仲間を3匹もやられ、理性がブチ切れたのだろう。角刈り野郎が速攻で近づいて来て友則の腹を蹴り上げた。
次の瞬間、DVDがバキッと音を立てて割れた。
「……」
すこぶるマズい展開になってきた。
朝から楽しみにしていたDVD。受け取った時、嬉しさのあまり克己を抱きしめていた。これを励みに今日一日の辛い授業を耐え忍んできた。
そんな友則の顔から一切の笑顔が消え、無口になった。
奴の特徴として、本気になった時は口を一切開かない。問答無用で潰しにかかる。
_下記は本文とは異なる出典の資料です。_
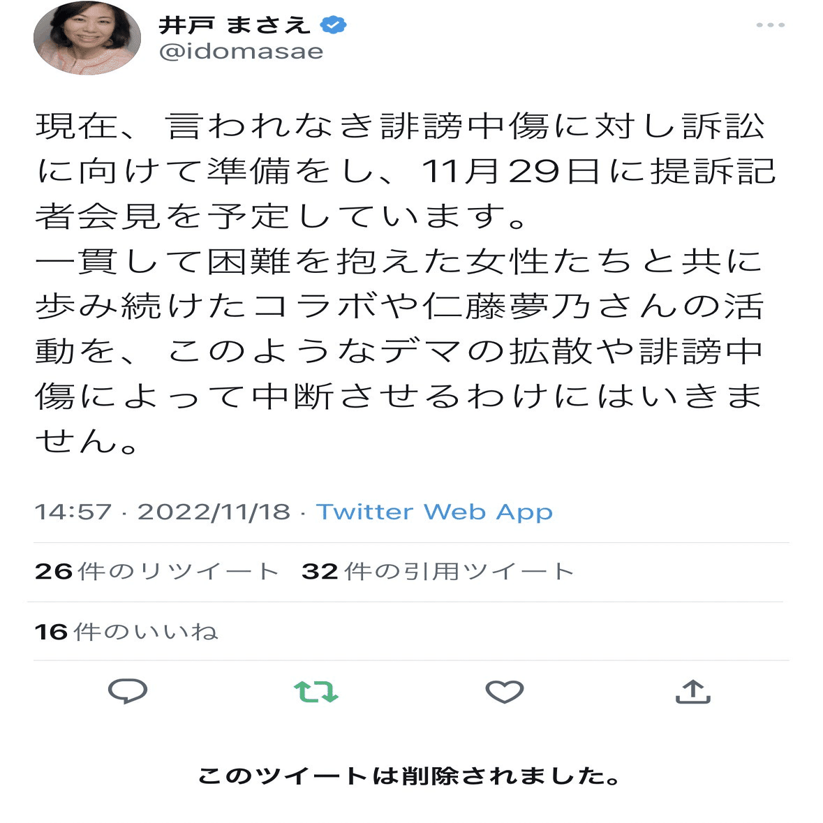 そうした場合、井戸まさえさんに「おいその件に首を突っ込むな」と偉い人レベルからストッピがかかり、削除したと考えられる。

たぶん、動物的本能なのだろう。
「友則。あんまり本気……」
止める間もなく、ドストレートの拳が鼻先に入った。角刈りは、たった一発で意識を失った。衝撃で膝を落とした野郎の顔面を掴むと、得意のアイアンクローをかました。激痛のあまり再び意識を取り戻した角刈りは、断末魔の悲鳴を上げた。
その間、友則は何も言わない。しかも左手を右手首に添えるアイアンクローは本気のポーズであり、相手を粉砕する合図である。
「もう止めとけ!」
慌てて押さえ付けた時、真後ろから警察官が駆けつけた。商店街の誰かが通報したのだろう。アーケードに「止めなさーい!」という甲高い声が響き渡った。
振り返ると、下着ドロの時に一悶着あった例のBカップ警官とその一味だった。
「またあなた達なの?」
「……」
「ちょっと止めなさい」
「……え?」
その声を聞いた友則は、我に返って手を離した。相手は全身を痙攣させてションベンを漏らしていた。虫の息とはこの事である。
友則は駆けつけた男性警官に取り押さえられ、俺はBカップに背負い投げをされた。
「ぐわっ、痛てぇーよ。何すんだ!」
「いい加減にしなさい」
「いきなり人を投げるんじゃねぇよ」
「抵抗したからでしょ」
「抵抗なんかしてねぇだろうがっ!」
「大人しくしなさい」
「これには事情があるんだよ」
「どんな事情であれ、暴力はダメでしょ」
「暴力じゃねぇ。人助けだ」
「それにあなたには、公然わいせつの罪があります」
「不自然だったから確認しただけだろうが」
「とにかく話は署で聞きます!」
男性警官に腕を捕まれ、再び貝東警察署まで連行された。